If there’s any criticism to be made of this particular coping mechanism on Lowlight Visions, it’s that Sondermann’s vision is perhaps too well realized to reveal any of the negative emotions bubbling beneath the surface without seriously digging into the lyrics. Put this album on in the background, allow the placid surroundings and ambient textures to swirl around you, and you’ll come away with a strong feeling of romantic nostalgia rather than a broken heart. However, this may be exactly what The Washboard Abs intended to create: an escapist fantasy from the very real pain that creates lyrics like “Can I play dumb / Or try forgetting / The fear of ending?” Though you may have to detach yourself from the beautiful surface to hear it, those moments of sheer emotional terror are well worth listening for.

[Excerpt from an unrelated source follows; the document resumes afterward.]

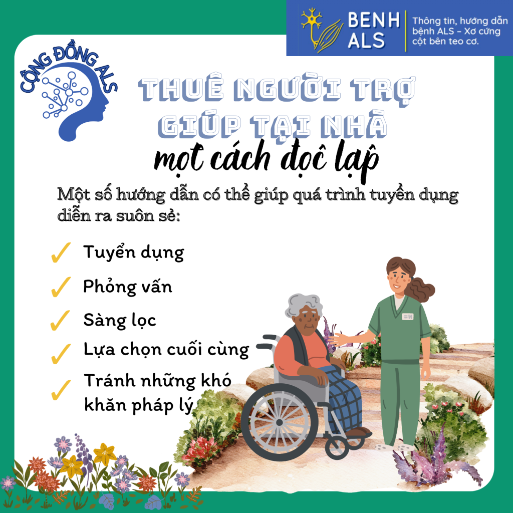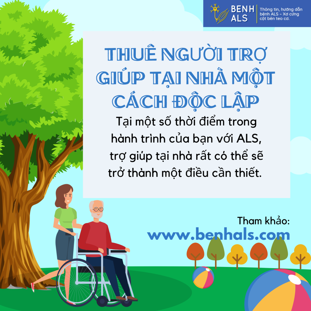 Tại một số thời điểm trong hành trình của bạn với ALS, trợ giúp tại nhà rất có thể sẽ trở thành một điều cần thiết. Nhiều gia đình chọn sử dụng một cơ quan y tế tại nhà hoặc một cơ quan chăm sóc sức khỏe tại nhà không phải là cơ quan y tế (đồng hành) để họ sắp xếp với những nhân viên phù hợp và điều phối việc cung cấp dịch vụ. Các gia đình khác chọn thuê sự giúp đỡ một cách độc lập, sử dụng sự giới thiệu cá nhân hoặc cơ quan đăng ký việc làm (đăng ký). Sự khác biệt giữa cơ quan việc làm và các loại cơ quan khác là cơ quan việc làm chỉ gợi ý khách hàng với các nhà cung cấp đủ điều kiện – nó không xử lý bất kỳ trách nhiệm nào của người sử dụng lao động, chẳng hạn như điều phối và giám sát việc cung cấp dịch vụ, quản lý bảng lương và thuế , hoặc cung cấp đào tạo liên tục cho nhân viên.

But if one is to take the purely escapist route, The Washboard Abs’ cinematic, sentimental vision is more than enough to sweep you away. They’re masterful at creating cross-hatched guitar arpeggios peppered with melodic fragments and layering percussion around them in a race to fill the gaps. Certain tracks, like latecomer “Brittle Bones,” go the extra mile in their rhythmic free-for-all, ending up in a gently pulsating landscape not dissimilar to a weepier Stereolab or Tycho. Lest you accuse the Abs of simply piling on rhythmic flourishes, they even succeed at creating some impressively ghostly soundscapes on the haunting “Pareidolia.” For the most part, however, Lowlight Visions is a record concerned primarily with dreamy drift. The circular melodies they craft on tracks like highlight “Return to You” sound like they could go on forever, rotating endlessly in hypnotic bliss.

While Lowlight Visions may not immediately evoke the heart-wrenching loss that spurred The Washboard Abs to action, it can provide the same kind of shelter that it gave its creators. Lost in the chiming of guitars and the delicate mellotron, vibraphone, and synthesizer ornamentations adorning its brittle edges, you might find the sweet solace that’s been eluding you too.